Le document repose sur trois piliers : le tabac, l’action pangouvernementale et les recommandations spécifiques pour accélérer la fixation d’objectifs nationaux.

Conférence de presse

Plus de 30 journalistes d’agences nationales et internationales de la presse écrite et audiovisuelle ont pris part à une conférence de presse annonçant la signature de la Déclaration d’Achgabat.

Clôture de la conférence

Lors de la séance de clôture, Mme Zsuzsanna Jakab, directrice régionale de l’OMS pour l’Europe, a remercié Son Excellence le Président du Turkménistan, le ministre de la Santé et de l’Industrie médicale, le ministre des Affaires étrangères, ainsi que l’ensemble des États membres, des représentants d’organisations internationales et de la société civile, et des experts pour leur contribution à l’organisation de la conférence et à l’élaboration de la Déclaration d’Achgabat.
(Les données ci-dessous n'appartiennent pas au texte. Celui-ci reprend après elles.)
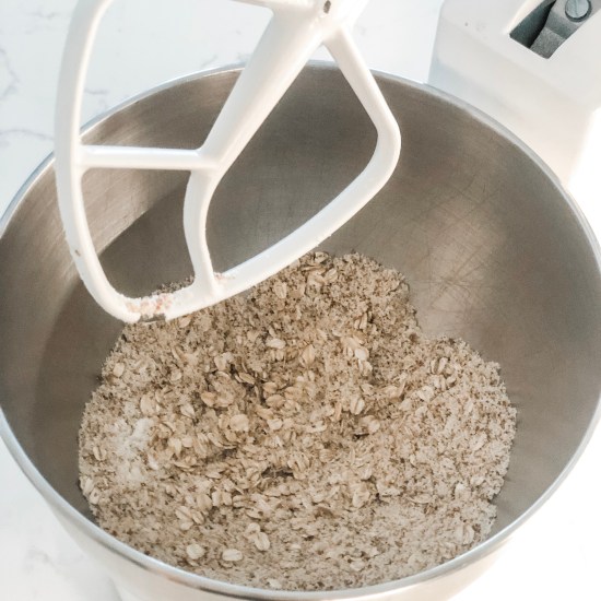 - In a separate bowl, combine oats, almond flour, baking powder and salt. Pour wet banana mixture into dry oat mixture and stir until just combined (don’t over mix).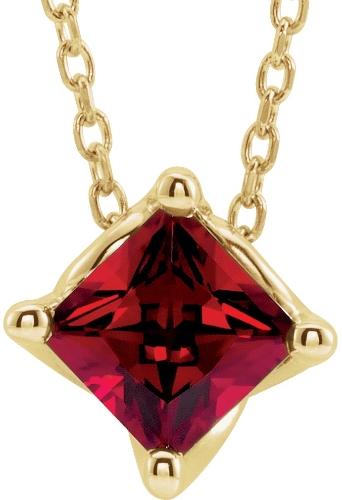 14K Yellow 5x5 mm Square Chatham Lab Created Ruby Solitaire 16 18" Necklace Ref. 15609242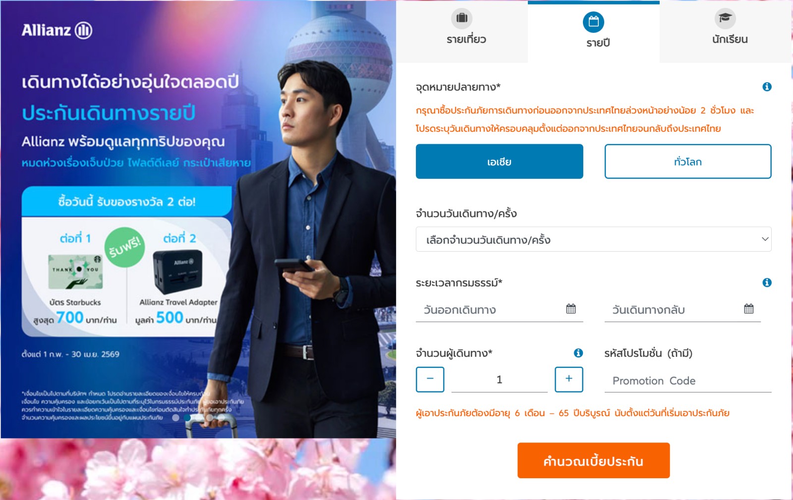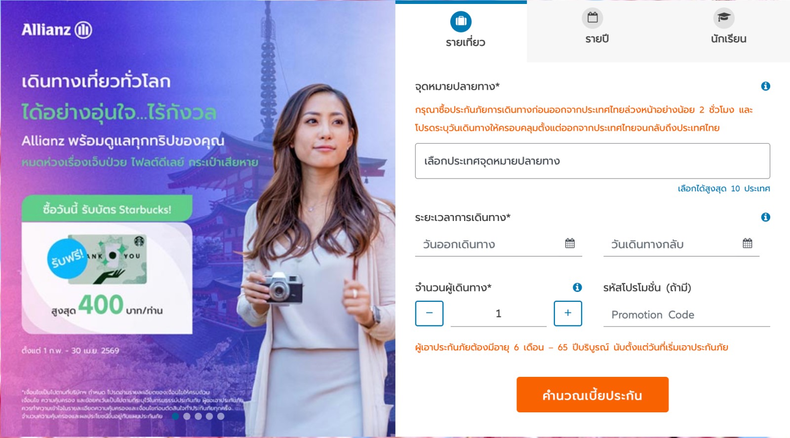 ซื้อประกันเดินทางแผนรายปี ตั้งแต่ 5,000 บาทขึ้นไป รับฟรี! บัตร Starbucks มูลค่าสูงสุด 700 บาท และ Allianz Travel Adapter มูลค่า 500 บาท รวมมูลค่าของรางวัลที่ได้รับสูงสุด 1,200 บาท

Mme Jakab a résumé trois problématiques mises en évidence lors de la conférence et que la Déclaration d’Achgabat contribuera à résoudre.

  • Tous les pays ont affirmé l’importance des principes de Santé 2020, notamment la réduction des inégalités de santé, et leur engagement envers le plan d’action mondial de lutte contre les maladies non transmissibles et son cadre de suivi.
  • La lutte contre les maladies non transmissibles fait l’objet d’une forte détermination politique, et des progrès importants ont été réalisés dans les pays au cours de ces deux dernières années. Les actions futures s’inscriront à l’ordre du jour plus général du développement.
  • Un écart subsiste entre le niveau élevé de ratification de la Convention-cadre de l’OMS pour la lutte antitabac et son faible niveau d’application. L’industrie du tabac connaît manifestement un nouveau souffle, et les États membres doivent rester vigilants quant à son influence. Il importe de redoubler d’efforts en matière de lutte antitabac.

« La Déclaration d’Achgabat est un événement historique qui restera dans les annales de la santé publique en Europe, » a conclu Zsuzsanna Jakab.